President Thabo Mbeki of South Africa is dangerously wrong in listening to the so-called AIDS dissidents who dispute the scientifically established facts on the subject of Acquired Immune Deficiency Syndrome (AIDS) and the Human Immuno-deficiency Virus (HIV). He must not allow the dissidents' opinions to alter his own country's current programme to fight AIDS, which broadly recognises the realities of this dreadful condition. But he was quite right to emphasise, at this year's AIDS conference in Durban, the significance of poverty as a factor in the AIDS pandemic which has been called Africa's apocalypse. Poverty does not cause AIDS, but AIDS assuredly causes poverty and poverty is largely why African countries have been unable to deal satisfactorily with the problem which is now virtually out of control on their continent.
The statistics on AIDS are now so appalling that they are almost impossible to comprehend. They are estimates based on projections from scientifically verified surveys of population samples, and they are far worse now than the projections that were presented to the last International AIDS Conference just two years ago. Some 15,000 people in the world are now contracting HIV every day, to add to the total of 34.3 million already estimated to be HIV positive, and two-thirds of them are in sub-Saharan Africa. Many of the children are orphans whose dead mothers passed on HIV to them to blight their short lives.
There is a relatively new drug, Nevirapine, which has been shown to reduce greatly the transmission of HIV from mother to child during pregnancy. But this drug is not available in the public-health services in African countries, any more than the other drugs which have been used in developed countries to treat many of the most distressing symptoms of AIDS and to prolong lives of high quality. The African health services, even those in South Africa, say they simply cannot afford to buy these crucial drugs which are the patented property of vastly wealthy multinational pharmaceutical companies. Yet pharmacists in India, Thailand and Brazil have demonstrated that the same substances can be produced at a cost that could be affordable for countries in the developing world. It will still be some years before a potential vaccine, currently on trial in the United States and Asia, proves sufficiently safe and efficacious to be distributed to whole populations. In the meantime, the African apocalypse could spread worldwide.

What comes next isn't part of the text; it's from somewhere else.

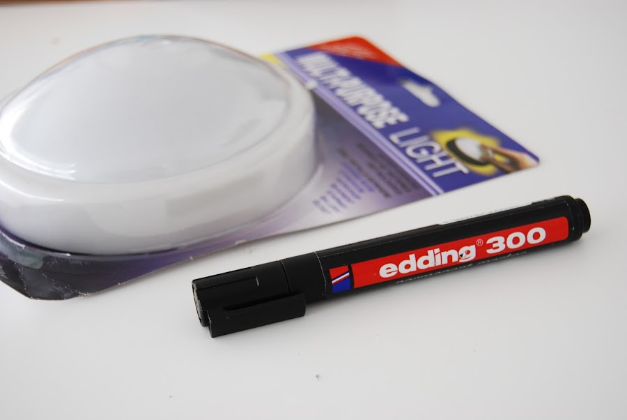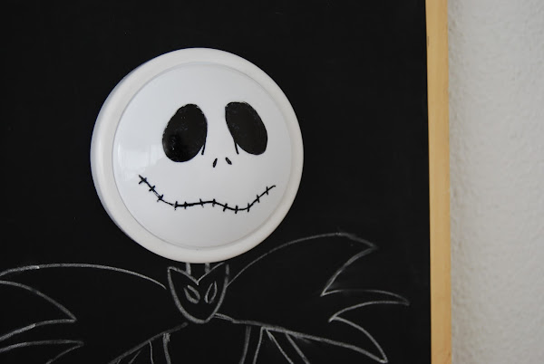 Pintamos la cara de Jack en la lámpara y dejamos que seque el rotulador para pegarla (yo lo he hecho con esa pasta para pegar posters) en la pizarra.

Seven months ago, the Secretary General of the UN, Kofi Annan, acknowledged that the international community's response to AIDS had failed Africa and that the scale of the crisis required a co-ordinated strategy between governments, intergovernmental bodies, community groups, science and private corporations. That, as one of the most impressive speakers at the Durban conference - Mr Justice Edwin Cameron of the South African High Court, himself HIV positive - said, was more than 200 days ago: "days on each of which, in my country alone, approximately 1,700 people have become newly infected with HIV".
The matter is urgent. More than a quarter of the next generation of Africans will not reach adulthood at the present rate of the spread of HIV. The social fabric of many African states is already tearing apart. If global compassion cannot persuade the world to help out effectively in Africa now, the self-interest of the developed world's governments should at least dictate an immediate provision of essential drug resources and the finance to repair the torn social fabric of the stricken states of Africa. The additional £4.2 million of Irish governmental funds to HIV programmes in developing countries is welcome. But it is the thinnest sliver of what the situation demands.